With many Family Dollar locations around the Mid-South reopening, shoppers want to know what healthy, alternative options for their groceries are out there.

MEMPHIS, Tenn. — Last month, hundreds of family dollar stores across the Mid-South temporarily shut down after the company’s distribution center in West Memphis was infested with rodents.

Now, Family Dollar tells ABC24 parts of that distribution center are back open, and they’ve also begun reopening stores.

All this has brought into question other alternative food sources people can rely on.

ABC24 spent the day at Memphis Tilth to talk about food insecurity.

They say mother nature has all the ingredients for a healthy life.

“With all the supply chain disruption, we feel that it’s important that people understand the importance of local food by growing your own food, by supporting local farmers,” said Mia Madison, Memphis Tilth Executive Director. "It’s a way in which you can ensure food security within the community."

RELATED: "It's rough on us" | Those in North Memphis food desert deal with full week of Family Dollar closure, uncertainty

Madison has seen communities with limited to no healthy food sources.

“If there’s no access through a specific distribution chain, it is required of community members to kind of pull together to create that access,” said Madison. "What that means is growing your own food, supporting your local farmers, figuring out how to get that food from farm to table."

Memphis Tilth has three different gardens in Memphis where they grow and give away healthy foods to community members.

RELATED: Full-service grocery store returns to Downtown Memphis, exciting longtime neighbors

It’s part of their “Bring It Food Hub” program.

“We aggregate food from farms within 150 miles and we distribute that in over 25 different food access points,” said Madison. “Farmers are a direct line to food security in our communities.

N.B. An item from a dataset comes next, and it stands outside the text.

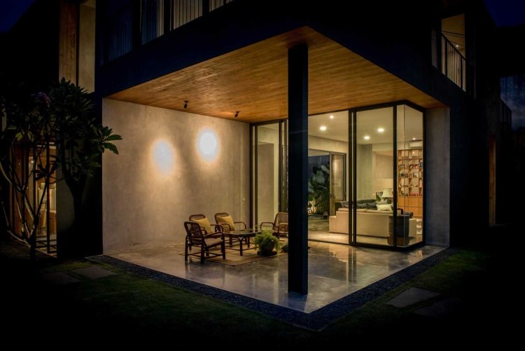 Bukaannya yang relatif besar dan jumlahnya banyak tidak hanya berfungsi untuk pencahayaan dan sirkulasi udara, tetapi juga dimaksudkan untuk menciptakan hubungan yang erat antara rumah dengan lingkungan sekitarnya, serta menghilangkan pembatasnya. Hal ini sudah tampak mulai dari desain teras rumah minimalis dengan bahan kayu dan acian semen kasar. Unsur ini menampilkan kesederhanaan dan kenyamanan, integritas serta kejujuran, dan menjadikan teras rumah ini tampil elegan.

Those growers, farmers, within our region need that support.”

Memphis Tilth is unique. Take, for instance, their St. Paul garden in South Memphis.

The area has a lot of people who suffer from diabetes, high blood pressure, and high cholesterol.

The food grown at that garden directly addresses those issues.

“Here, we grow a particular fruit that’s specific to lowering sugar in the blood,” said Madison. “We actually grow specifically for diabetic nutrition, so green leafy vegetables…What we do is strengthen our local food system.”

For those who want to start growing for themselves, Memphis Tilth gives away seeds.

They have them at their location in South Memphis or at the Benjamin Hooks Library.

They’ll also be starting their spring season’s “Bring It Food Hub” with curbside food pickup and deliveries.